Michael Gallen’s new production is an extraordinary reminder of an extraordinary time, writes Prof Brendan Kelly
Elsewhere, a new opera by Michael Gallen, will premiere at the Abbey Theatre in Dublin in November.
The opera is loosely based on the history of the ‘Monaghan Asylum Soviet’ that was established at St Davnet’s in 1919. The story is a remarkable one that richly merits exploration, examination and commemoration. Elsewhere does just that.
The early 20th Century was a time when large mental hospitals, established in the 19th Century, continued to grow apace. Ireland’s appetite for institutional solutions to social problems was by no means unique, but while mental hospitals expanded rapidly in many parts of the world, Ireland put a greater proportion of its population in psychiatric hospitals than any other country. This was the result of unmet social and medical need, poor mental health laws, professional groups eager for recognition, and Irish society’s apparently insatiable hunger for institutions: Orphanages, mother and baby homes, industrial schools, laundries, and mental hospitals.
Local psychiatric institutions, such as the one in Monaghan, were large, powerful entities. They not only provided admission facilities for families and communities in search of solutions for people who were mentally ill, disabled or just unwanted, but were also big employers. The mental hospitals supplied local towns with produce from their extensive farms, bought supplies from local businesses, and employed generation after generation of “keepers”, nurses, workmen and many kinds of tradespersons. They were enormous operations.
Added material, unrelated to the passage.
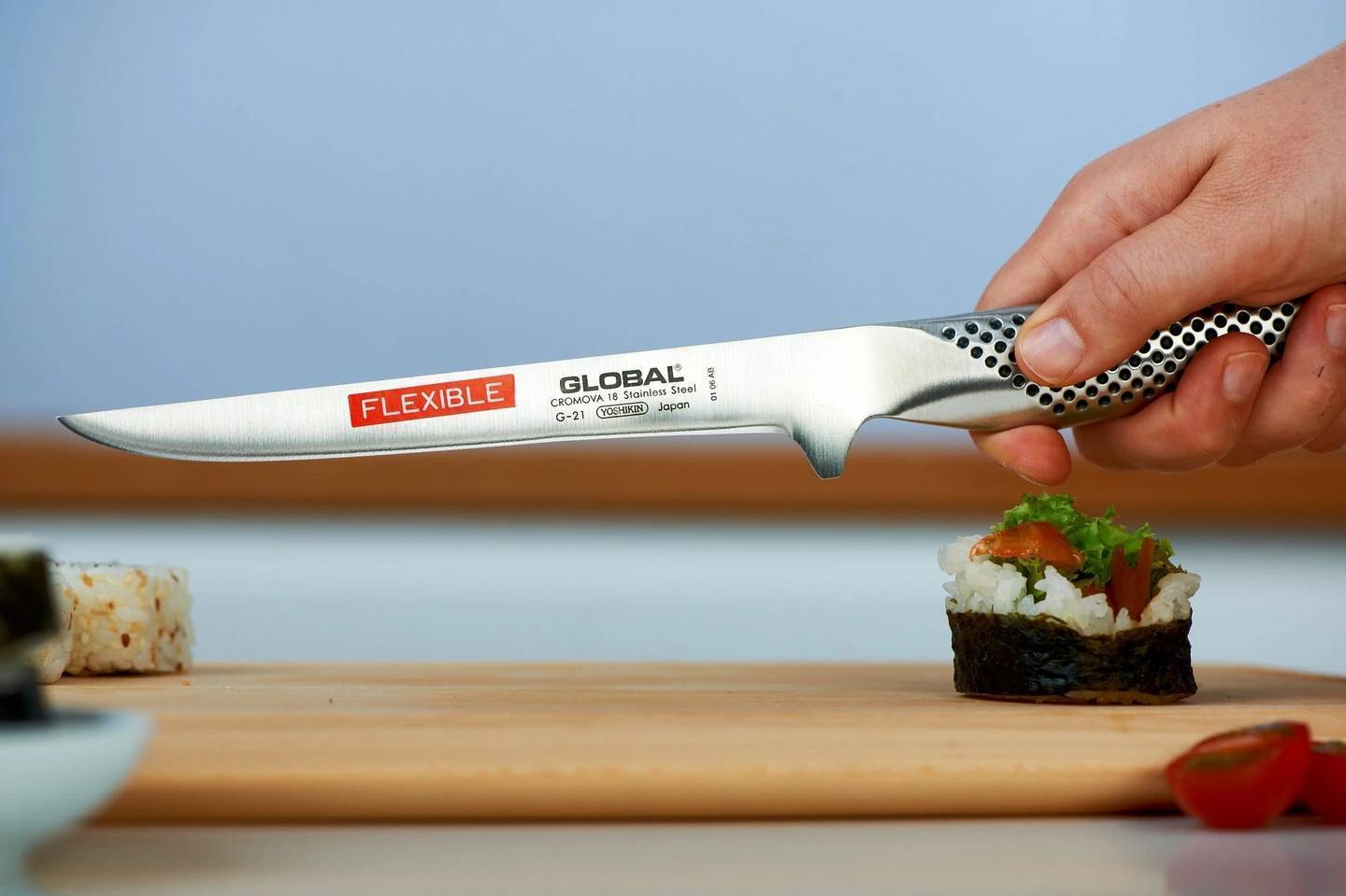 Среди шеф-поваров со всего мира любовью пользуются ножи японского производителя Global. Двусторонняя заточка, Идеальное сочетания высоких технологий, материалов и дизайна. В сплав стали добавлен ванадий и молибден. Японские ножи относятся к самой высокой ценовой категории, финские – к самой бюджетной.

Given their large staff numbers, the mental hospitals were the inevitable focus of industrial unrest in the early 20th Century. In 1918, attendants at Monaghan Asylum went on strike to demand union recognition and improved pay. They achieved moderate concessions from management as a result. In January 1919, however, the dispute intensified. Writer and republican activist Peadar O’Donnell was working with the Transport and General Workers Union at the time and was asked to lead the strike. O’Donnell decided they should barricade the hospital and establish a Soviet commune.
The red flag was duly raised over the building and the Monaghan Asylum Soviet came into being. These assertive actions secured improvements in both hours and pay, and – perhaps more importantly – set a rather dramatic example for similar institutions elsewhere. At least some of these industrial relations problems found their roots in trade-offs between contesting priorities in the new Irish State as the 20th Century progressed. In effect, the early phases of national autonomy in Ireland led to sacrifices as part of the progressive realisation of self-governance, and one of these sacrifices was timely improvement in conditions and training for asylum workers. Initially, the native Irish were not appreciably more generous to asylum workers or patients than the British government had been.
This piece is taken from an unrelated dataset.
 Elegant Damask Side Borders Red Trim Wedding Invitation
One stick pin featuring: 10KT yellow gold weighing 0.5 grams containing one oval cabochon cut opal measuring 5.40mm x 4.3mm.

Industrial action was by no means limited to Monaghan. In September 1919, the mayor of Clonmel, Daniel O’Meara, had to step in to facilitate a resolution to a three-month strike by attendants at St Luke’s. In 1924, all but seven staff members caring for 616 patients in Letterkenny District Mental Hospital went on strike when allowances were abolished. The committee, encouraged by the Minister for Local Government and Public Health, recruited replacement staff.
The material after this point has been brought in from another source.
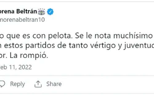 “Y lo claro que es con pelota. Se le nota muchísimo el oficio en estos partidos de tanto vértigo y juventud alrededor. La rompió”, cerró la periodista de ESPN. ¡Pavada de reconocimiento!

In the Eglinton Asylum in Cork, the Eglinton Society of Attendants sought (but did not gain) official recognition from the board of management as early as July 1899. In February 1916, however, the Eglinton Asylum Attendants Association was re-formed and remained active until a Cork branch of the Irish Asylum Workers Union met in January 1918. Considerable industrial unrest – and progress – followed at the Cork establishment. Industrial relations problems persisted in the mental hospitals for many more years, but few episodes can rival the Monaghan Asylum Soviet for
colour and impact.
Michael Gallen is very well placed to write an opera about these events. Gallen is an Irish composer, writer, and performer who was born in Co Monaghan, trained in Paris, and has lived in Ireland since 2014. He performs with the band Ana Gog and as a solo pianist, as Sudden Wells. His work includes Wilde Stories, a suite for the RTÉ Concert Orchestra and Cór na nÓg responding to Oscar Wilde’s fairy tales, and Session, a co-creation with dance artists Colin Dunne and Sidi Larbi Cherkaoui, which toured across the main stages of Europe in 2019/20, including an Irish premiere at the Abbey Theatre.
Elsewhere had a very successful concert showing in Castleblayney in November 2019 and will premiere at the Abbey Theatre in Dublin this November. The project has been supported by Arts Council Ireland, Creative Monaghan, the Abbey Theatre, the Centre Culturel Irlandais Paris, and the Opéra de Rouen Normandie. It is a co-production between French ensemble Miroirs Étendus and Irish opera company Straymaker, of which Gallen is artistic director. Elsewhere is a searing rendering of a largely forgotten episode in Irish history, an extraordinary reminder of an extraordinary time. It is well worth seeing.
Prof Brendan Kelly is Professor of Psychiatry at Trinity College Dublin and author of Hearing Voices: The History of Psychiatry in Ireland (Irish Academic Press, 2016).